Top of The input

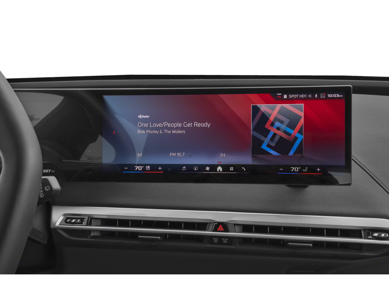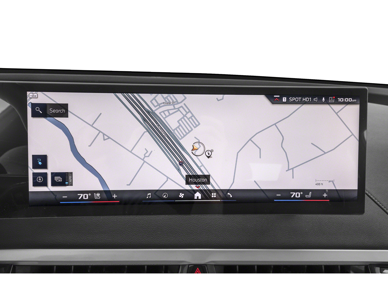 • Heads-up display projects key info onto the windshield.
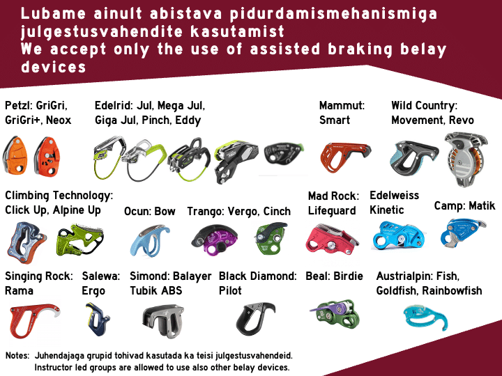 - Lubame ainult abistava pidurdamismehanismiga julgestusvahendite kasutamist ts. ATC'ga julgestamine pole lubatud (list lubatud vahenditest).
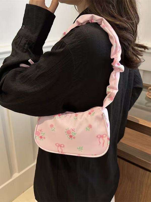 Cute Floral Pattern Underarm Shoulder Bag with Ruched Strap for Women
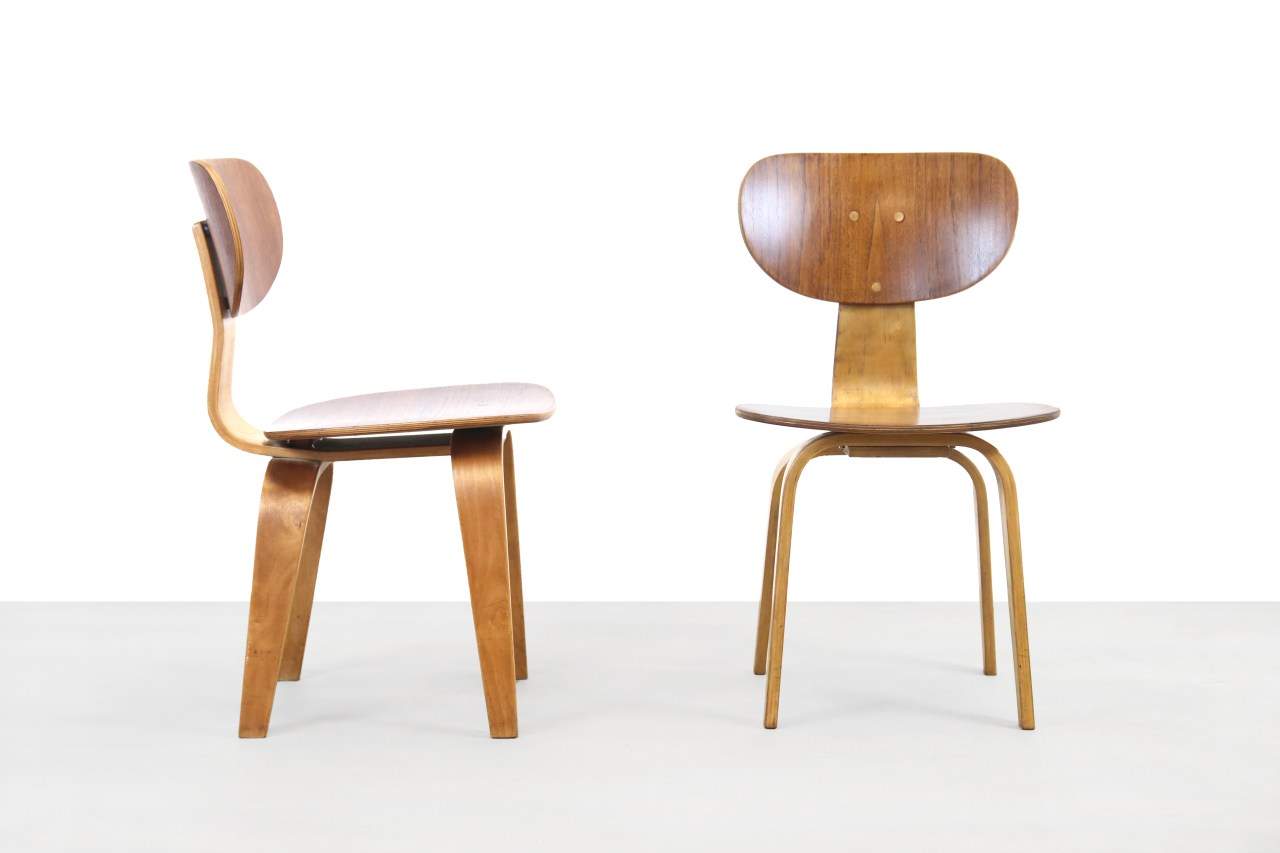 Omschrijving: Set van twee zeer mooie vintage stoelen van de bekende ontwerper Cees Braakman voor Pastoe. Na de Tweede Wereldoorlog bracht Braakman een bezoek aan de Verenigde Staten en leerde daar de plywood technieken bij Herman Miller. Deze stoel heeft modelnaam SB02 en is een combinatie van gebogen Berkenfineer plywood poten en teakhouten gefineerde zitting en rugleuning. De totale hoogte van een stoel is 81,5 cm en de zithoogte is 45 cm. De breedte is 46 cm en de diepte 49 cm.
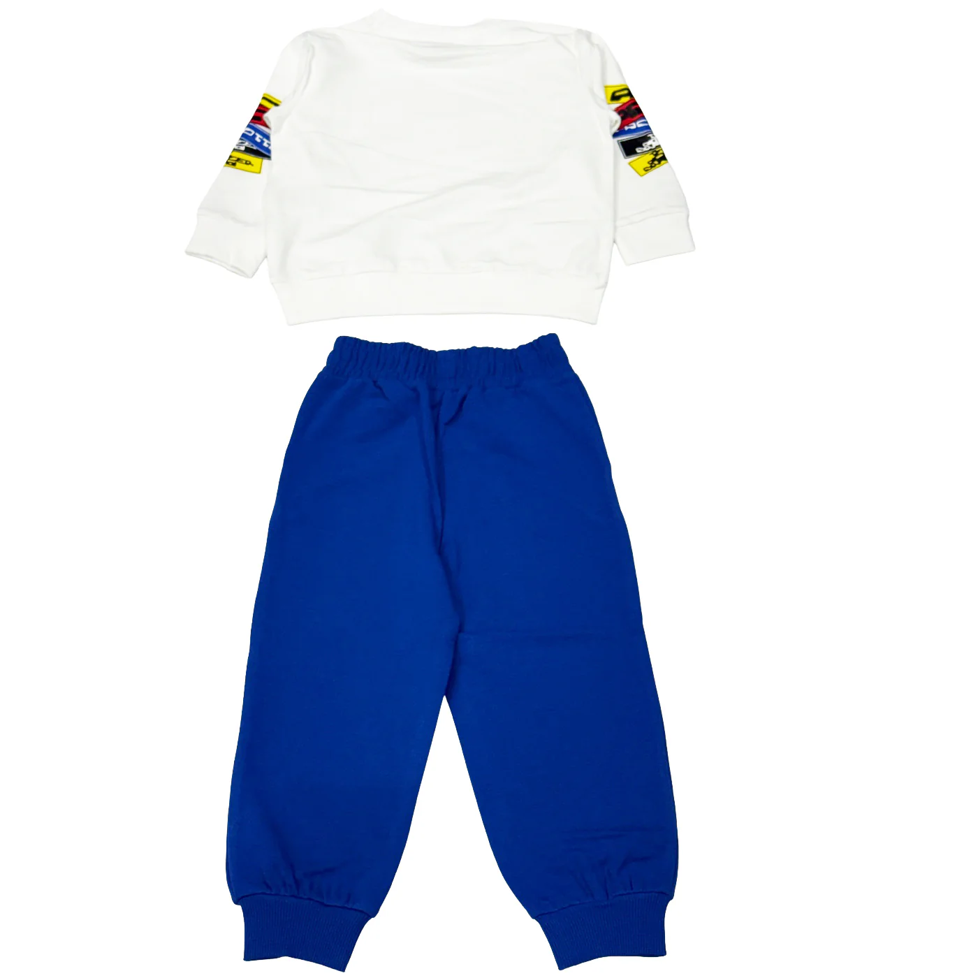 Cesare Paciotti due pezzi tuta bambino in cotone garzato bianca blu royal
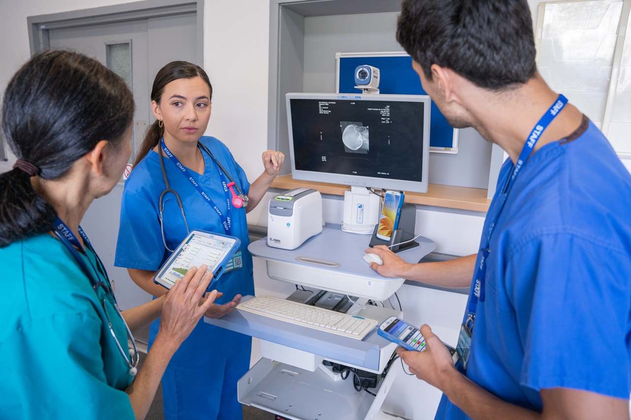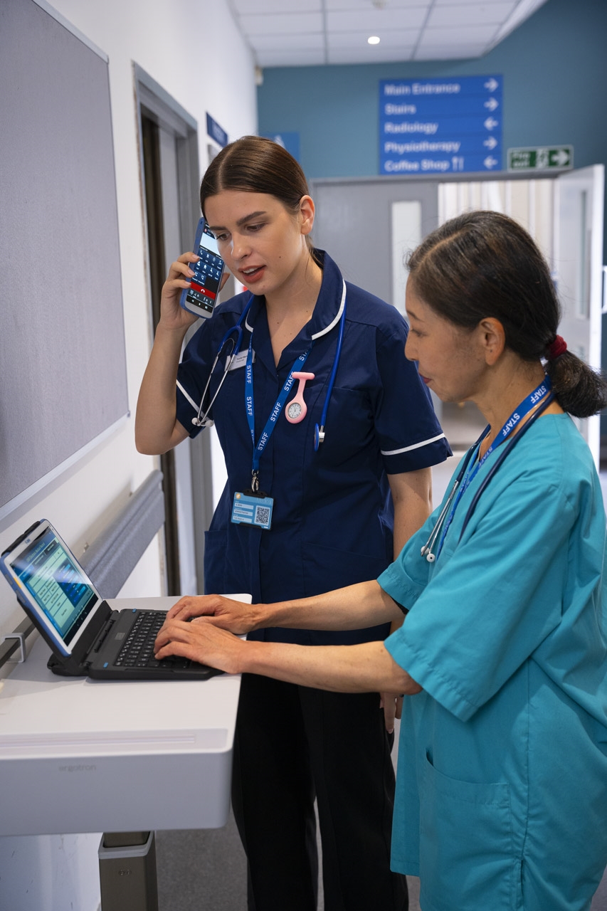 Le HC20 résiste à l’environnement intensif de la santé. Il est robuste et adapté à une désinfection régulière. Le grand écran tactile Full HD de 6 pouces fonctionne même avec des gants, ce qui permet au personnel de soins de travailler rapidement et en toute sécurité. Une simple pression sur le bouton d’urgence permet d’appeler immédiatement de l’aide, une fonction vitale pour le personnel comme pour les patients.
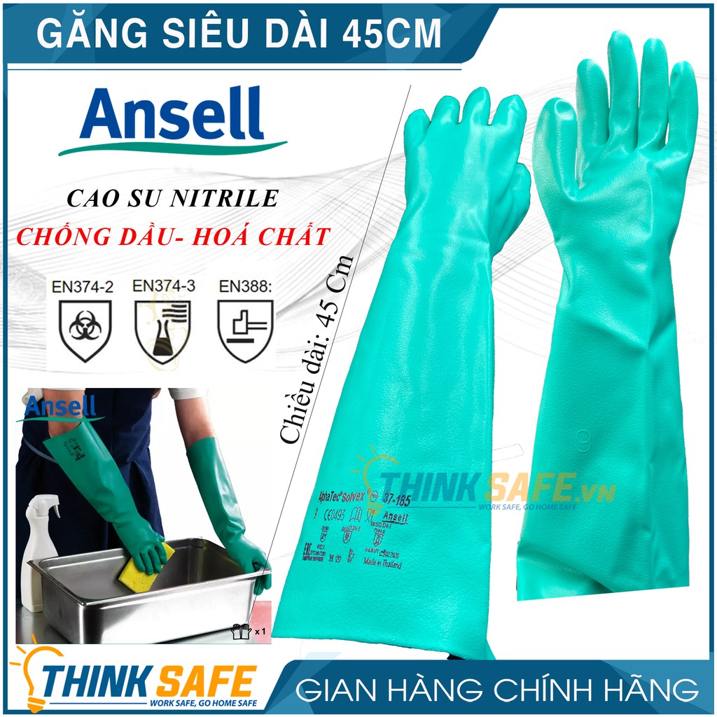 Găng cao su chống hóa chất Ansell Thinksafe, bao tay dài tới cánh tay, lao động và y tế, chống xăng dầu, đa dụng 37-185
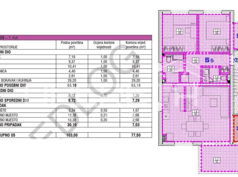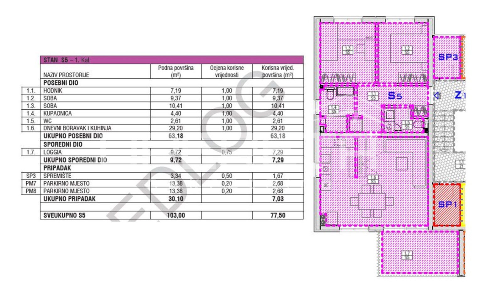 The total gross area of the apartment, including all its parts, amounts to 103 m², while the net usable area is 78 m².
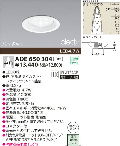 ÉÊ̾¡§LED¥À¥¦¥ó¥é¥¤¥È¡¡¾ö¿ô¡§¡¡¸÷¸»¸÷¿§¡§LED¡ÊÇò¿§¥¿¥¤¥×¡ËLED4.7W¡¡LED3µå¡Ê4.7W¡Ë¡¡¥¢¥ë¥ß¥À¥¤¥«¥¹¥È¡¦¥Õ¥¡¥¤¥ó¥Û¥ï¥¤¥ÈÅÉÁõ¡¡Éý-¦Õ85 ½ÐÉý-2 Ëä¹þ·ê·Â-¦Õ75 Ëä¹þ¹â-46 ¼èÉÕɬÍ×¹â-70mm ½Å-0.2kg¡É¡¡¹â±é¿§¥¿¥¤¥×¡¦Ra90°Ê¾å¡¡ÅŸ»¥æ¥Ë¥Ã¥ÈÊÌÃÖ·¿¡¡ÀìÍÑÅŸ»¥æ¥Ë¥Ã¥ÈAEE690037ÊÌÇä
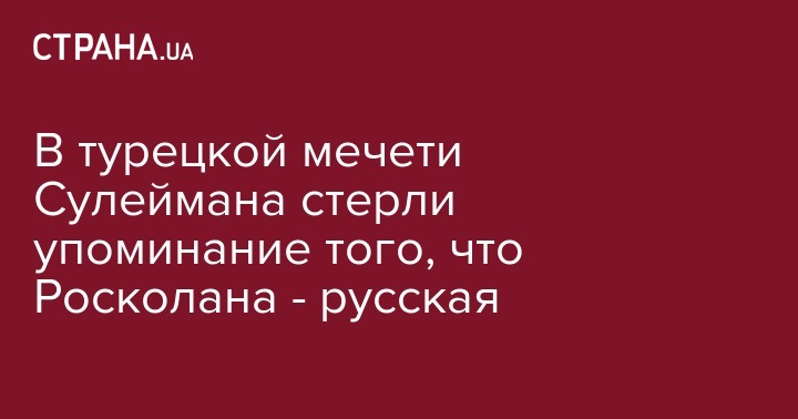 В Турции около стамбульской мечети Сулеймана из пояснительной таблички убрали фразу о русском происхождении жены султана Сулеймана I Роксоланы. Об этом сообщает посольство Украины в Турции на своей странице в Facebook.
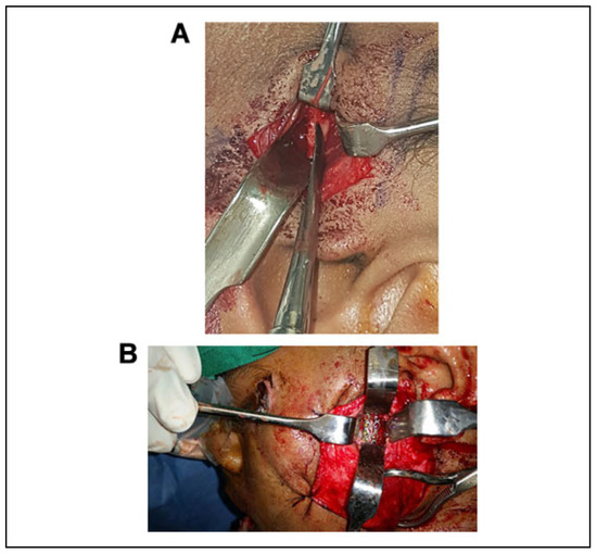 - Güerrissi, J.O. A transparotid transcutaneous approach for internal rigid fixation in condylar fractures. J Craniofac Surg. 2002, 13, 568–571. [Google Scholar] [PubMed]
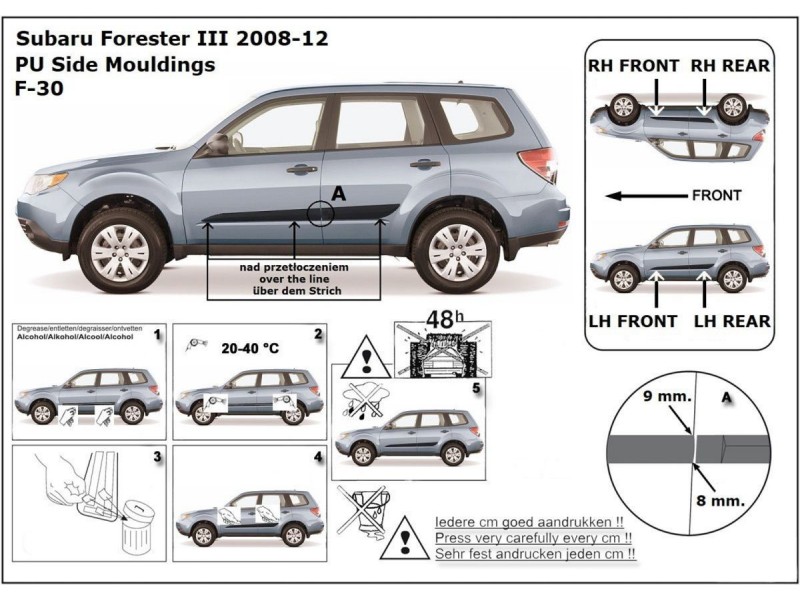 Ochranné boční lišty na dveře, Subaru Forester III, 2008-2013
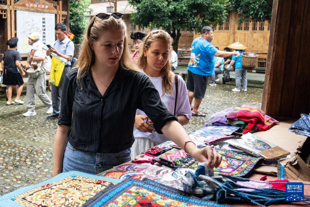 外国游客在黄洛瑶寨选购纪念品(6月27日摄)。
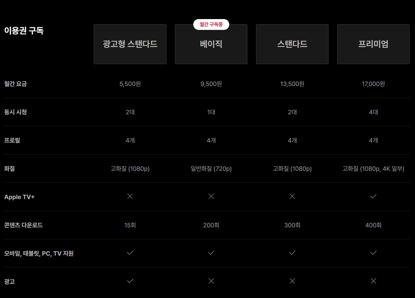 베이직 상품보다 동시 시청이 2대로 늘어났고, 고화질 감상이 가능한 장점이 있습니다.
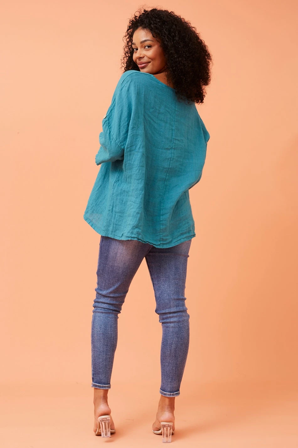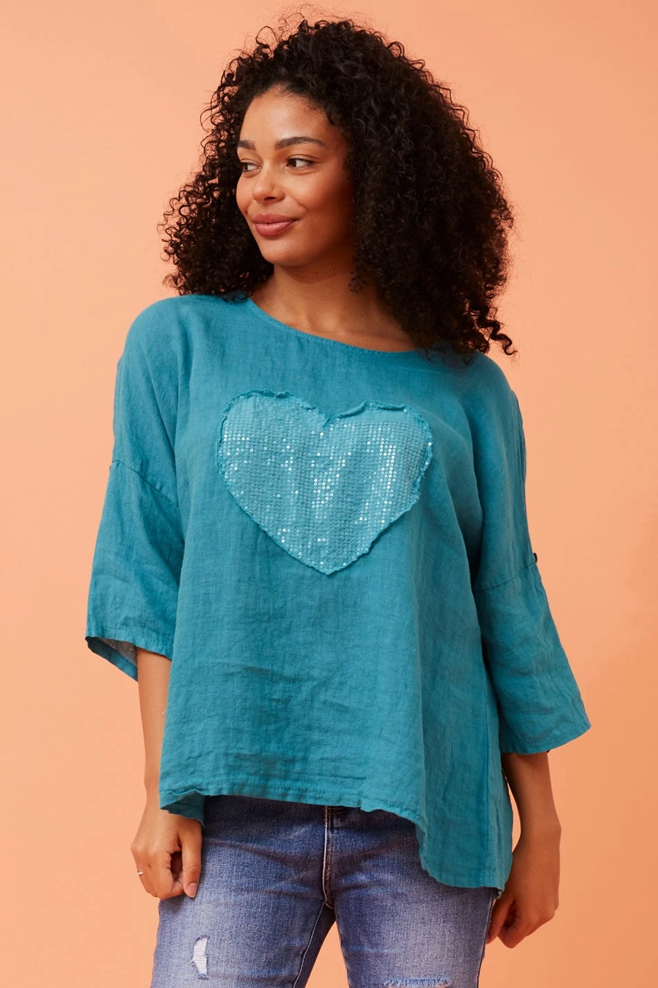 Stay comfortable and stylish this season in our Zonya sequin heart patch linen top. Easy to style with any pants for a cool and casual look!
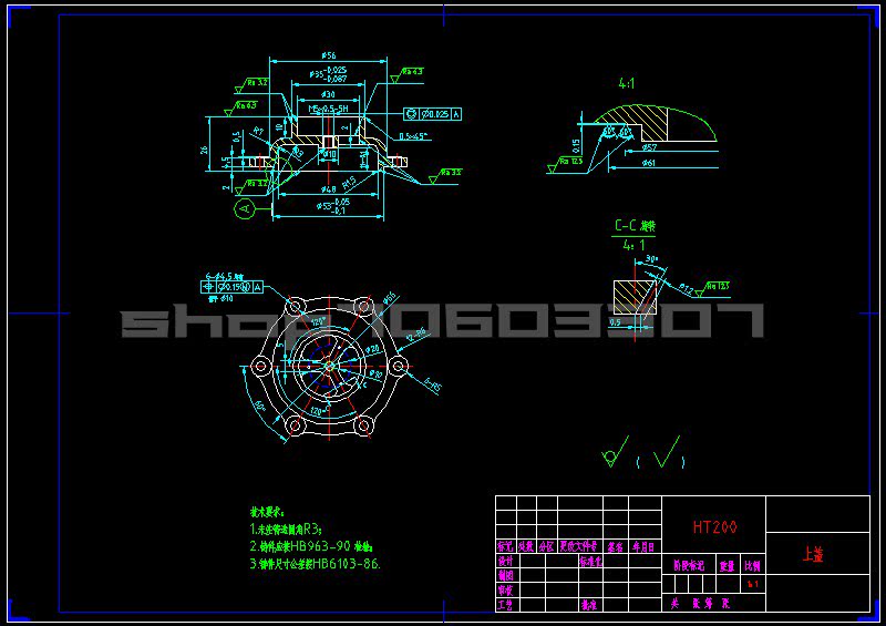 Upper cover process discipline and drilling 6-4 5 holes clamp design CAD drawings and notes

Bottom of The input

• Task details
Among the entries above, copy exactly the stretch from the line holding "½ÐÉý-2 Ëä¹þ·ê·Â-¦Õ75 Ëä¹þ¹â-46" through the line holding "Stay comfortable and", leaving out any pictures.

• Task result
 ÉÊ̾¡§LED¥À¥¦¥ó¥é¥¤¥È¡¡¾ö¿ô¡§¡¡¸÷¸»¸÷¿§¡§LED¡ÊÇò¿§¥¿¥¤¥×¡ËLED4.7W¡¡LED3µå¡Ê4.7W¡Ë¡¡¥¢¥ë¥ß¥À¥¤¥«¥¹¥È¡¦¥Õ¥¡¥¤¥ó¥Û¥ï¥¤¥ÈÅÉÁõ¡¡Éý-¦Õ85 ½ÐÉý-2 Ëä¹þ·ê·Â-¦Õ75 Ëä¹þ¹â-46 ¼èÉÕɬÍ×¹â-70mm ½Å-0.2kg¡É¡¡¹â±é¿§¥¿¥¤¥×¡¦Ra90°Ê¾å¡¡ÅŸ»¥æ¥Ë¥Ã¥ÈÊÌÃÖ·¿¡¡ÀìÍÑÅŸ»¥æ¥Ë¥Ã¥ÈAEE690037ÊÌÇä
 В Турции около стамбульской мечети Сулеймана из пояснительной таблички убрали фразу о русском происхождении жены султана Сулеймана I Роксоланы. Об этом сообщает посольство Украины в Турции на своей странице в Facebook.
 - Güerrissi, J.O. A transparotid transcutaneous approach for internal rigid fixation in condylar fractures. J Craniofac Surg. 2002, 13, 568–571. [Google Scholar] [PubMed]
 Ochranné boční lišty na dveře, Subaru Forester III, 2008-2013
 外国游客在黄洛瑶寨选购纪念品(6月27日摄)。
 베이직 상품보다 동시 시청이 2대로 늘어났고, 고화질 감상이 가능한 장점이 있습니다.
 Stay comfortable and stylish this season in our Zonya sequin heart patch linen top. Easy to style with any pants for a cool and casual look!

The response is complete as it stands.